That is... attributing to the "founding fathers" opinions of a limited subset of them over a limited time.

I'd also disagree that "we remember George Washington the triumphant military leader of 1783 more than George Washington the reluctant president of 1793" since his farewell address of 1796 is so widely read and quoted.

Celerity

(43,246 posts)
5. The average American for SURE remembers Washington the way the author says, more than the farewell
Tue Jul 27, 2021, 10:50 AM
Jul 2021

address Washington. IF they even remember him at all (especially once you get down into the bottom half of historically ignorant Americans).

Mysterian

(4,574 posts)
2. Well, the faction thing turned out to be a valid concern
Tue Jul 27, 2021, 10:08 AM
Jul 2021

The USA now has a faction, callled the republican party, that no longer desires to participate in a democracy and seeks total control.

underpants

(182,720 posts)
3. Now that's some conspiracy theorying
Tue Jul 27, 2021, 10:12 AM
Jul 2021

The Republican press turned its sights squarely on the once-untouchable president, using every term of abuse it could muster and leveling every charge it could concoct, no matter how implausible. Washington was senile; he was a blasphemer; he was a womanizer; he had embezzled public funds; he was a tool of the British crown or desired a crown of his own; Hamilton not only controlled him behind the scenes but was somehow also his illegitimate son; Washington had been a secret British agent during the Revolutionary War, and his efforts to betray the patriotic cause were foiled by Benedict Arnold beating him to the punch.

Wounded Bear

(58,618 posts)
4. I prefer to think of them as being realists...
Tue Jul 27, 2021, 10:29 AM
Jul 2021

they made compromises, the consequences of which we are still feeling because they became embedded in the Constitution.

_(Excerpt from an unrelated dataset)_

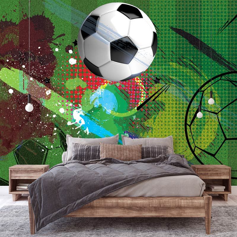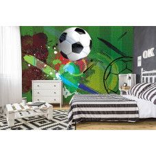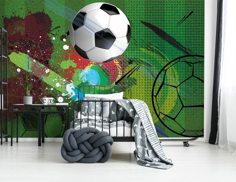Het fotobehang is eenvoudig op maat te bestellen, zodat het perfect aansluit op jouw muur. De levendige kleuren en scherpe details zorgen ervoor dat elk element van de graffiti, van de voetbal tot de gedurfde lijnen, volledig tot zijn recht komt. Een ideale keuze voor liefhebbers van voetbal die hun kinderkamer willen verfraaien met een uniek en kunstwerk.

The document which basically worked for a couple of generations with a small number of states has become unworkable with so many states and so many politicians willing to prevent any action at all using the basic rules of our own government. It is the one weakness of all democracies. In trying to prevent a 'tyranny of the majority' which leads to forms of mob rule of populism, we expose ourselves to a tyranny of the minority, just another form of authoritarianism.

They did the best they could, but in the end none of them were true democrats. The Founding Fathers were all businessmen, from the merchants of the Northeast (read smugglers to the gentleman farmers of the South-slave holders to a man. They wore the mantle of creating our national government, and they were all just men, with feet of clay and various vices and weaknesses.

Their blindness to the growth of political parties is regrettable TBS.